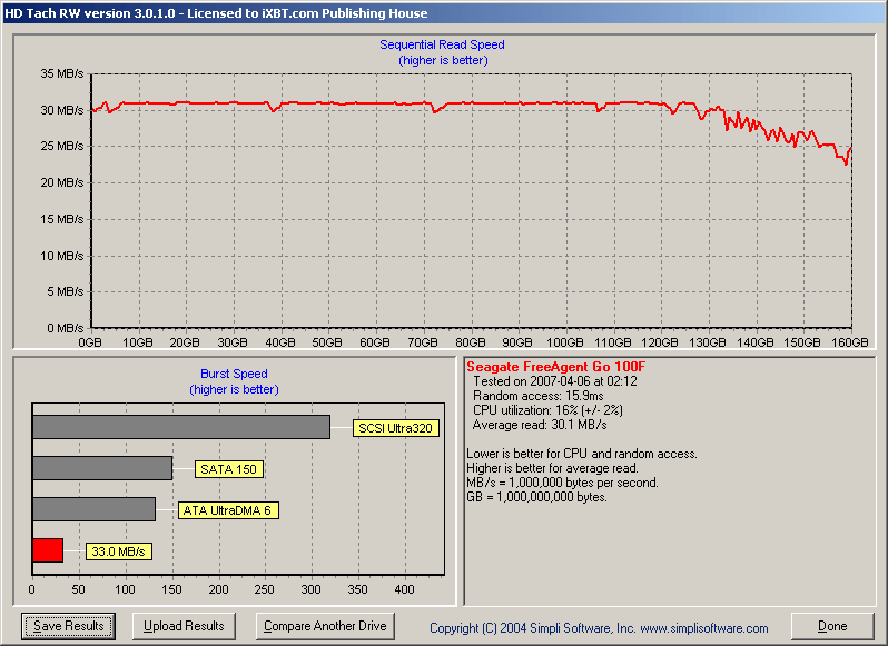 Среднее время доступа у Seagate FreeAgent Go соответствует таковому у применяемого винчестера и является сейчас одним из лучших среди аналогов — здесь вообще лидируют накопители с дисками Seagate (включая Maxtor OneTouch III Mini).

---

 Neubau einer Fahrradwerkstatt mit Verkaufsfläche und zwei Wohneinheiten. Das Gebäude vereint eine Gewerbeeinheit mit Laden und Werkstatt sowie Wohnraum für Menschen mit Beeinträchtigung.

* * *

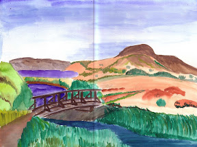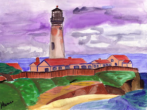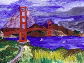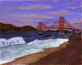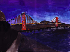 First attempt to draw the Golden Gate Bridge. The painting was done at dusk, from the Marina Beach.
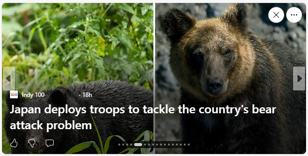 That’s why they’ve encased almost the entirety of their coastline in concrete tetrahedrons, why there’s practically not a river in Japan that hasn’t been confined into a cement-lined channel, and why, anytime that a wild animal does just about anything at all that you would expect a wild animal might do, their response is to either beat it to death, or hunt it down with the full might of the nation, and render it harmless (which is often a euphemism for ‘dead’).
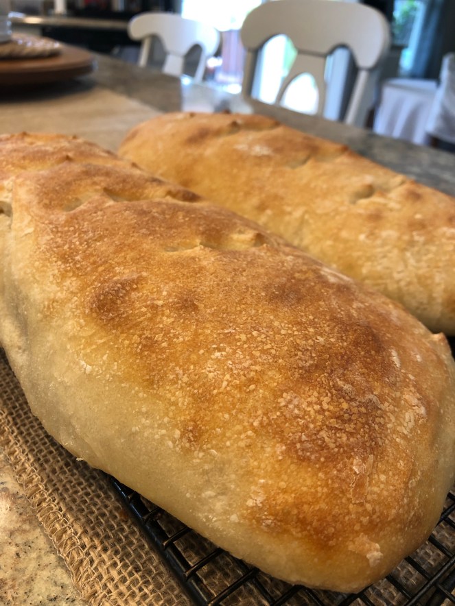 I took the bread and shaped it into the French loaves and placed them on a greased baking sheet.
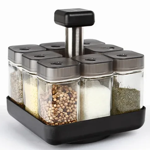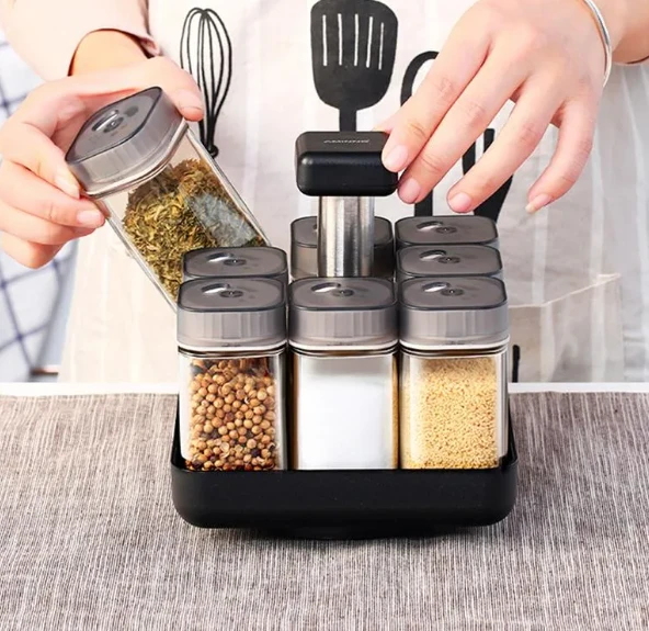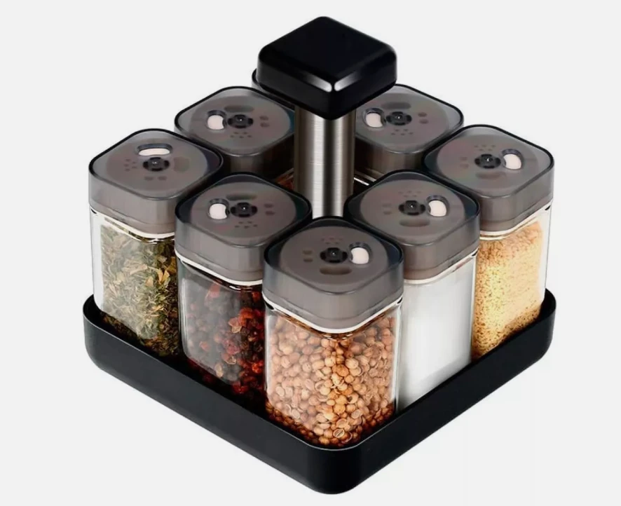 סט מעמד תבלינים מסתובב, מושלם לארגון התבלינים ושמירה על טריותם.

§ WORK REQUIRED:
Output only the lines above from the line that holds "I took the bread" through the line that holds "סט מעמד תבלינים", both ends included, and exclude pictures.

§ WRITTEN REPLY:
 I took the bread and shaped it into the French loaves and placed them on a greased baking sheet.
 סט מעמד תבלינים מסתובב, מושלם לארגון התבלינים ושמירה על טריותם.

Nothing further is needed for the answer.